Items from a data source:
::::::
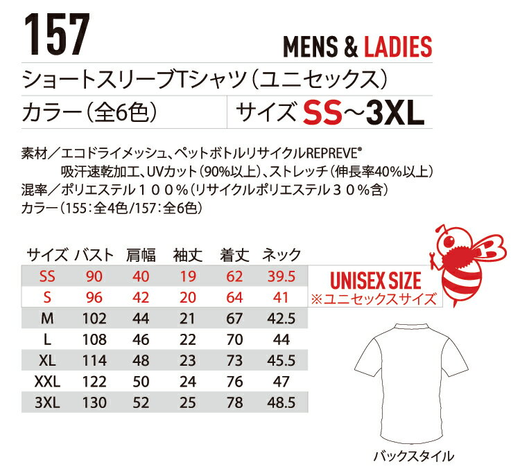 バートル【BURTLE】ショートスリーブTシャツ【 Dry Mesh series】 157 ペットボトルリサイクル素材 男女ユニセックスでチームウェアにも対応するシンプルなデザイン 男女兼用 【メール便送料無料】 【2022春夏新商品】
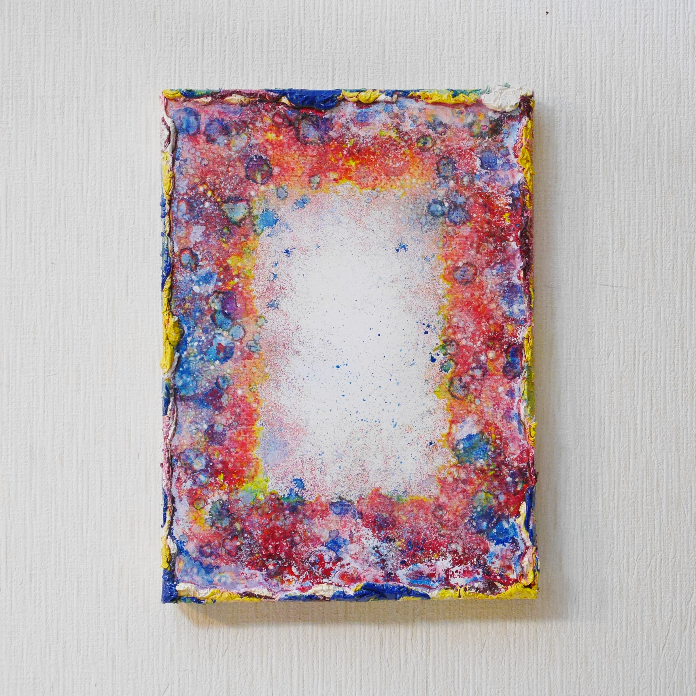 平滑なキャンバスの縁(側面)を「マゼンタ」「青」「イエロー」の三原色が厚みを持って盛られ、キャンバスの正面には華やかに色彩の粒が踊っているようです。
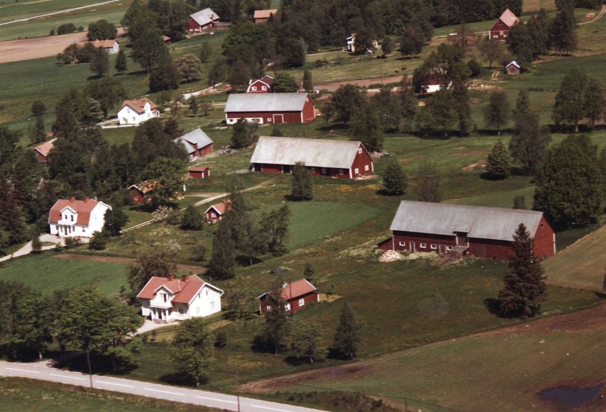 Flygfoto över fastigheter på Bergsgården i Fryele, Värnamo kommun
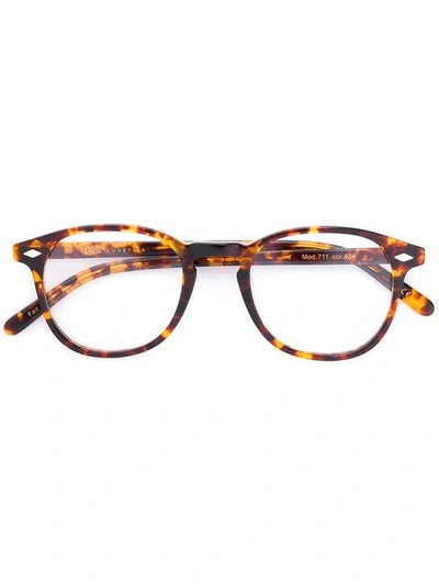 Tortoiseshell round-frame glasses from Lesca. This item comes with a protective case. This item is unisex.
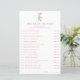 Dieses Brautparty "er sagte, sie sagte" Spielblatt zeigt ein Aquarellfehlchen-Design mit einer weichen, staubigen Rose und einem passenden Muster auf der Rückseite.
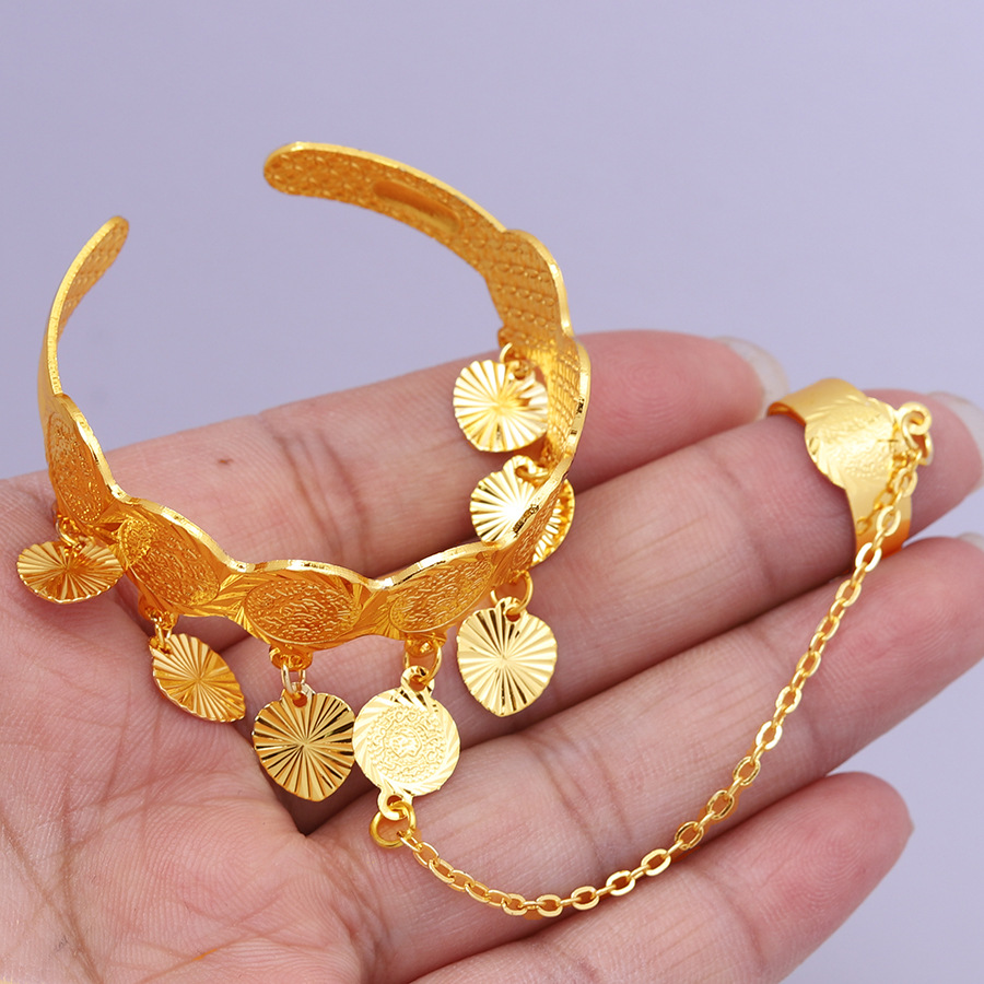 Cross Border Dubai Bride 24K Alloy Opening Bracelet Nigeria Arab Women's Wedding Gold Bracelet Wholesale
::::::
- **Task requirements**: Each record above should be returned unchanged, except that the pictures are dropped.

- **Solution to this problem**:
 バートル【BURTLE】ショートスリーブTシャツ【 Dry Mesh series】 157 ペットボトルリサイクル素材 男女ユニセックスでチームウェアにも対応するシンプルなデザイン 男女兼用 【メール便送料無料】 【2022春夏新商品】
 平滑なキャンバスの縁(側面)を「マゼンタ」「青」「イエロー」の三原色が厚みを持って盛られ、キャンバスの正面には華やかに色彩の粒が踊っているようです。
 Flygfoto över fastigheter på Bergsgården i Fryele, Värnamo kommun
 Tortoiseshell round-frame glasses from Lesca. This item comes with a protective case. This item is unisex.
 Dieses Brautparty "er sagte, sie sagte" Spielblatt zeigt ein Aquarellfehlchen-Design mit einer weichen, staubigen Rose und einem passenden Muster auf der Rückseite.
 Cross Border Dubai Bride 24K Alloy Opening Bracelet Nigeria Arab Women's Wedding Gold Bracelet Wholesale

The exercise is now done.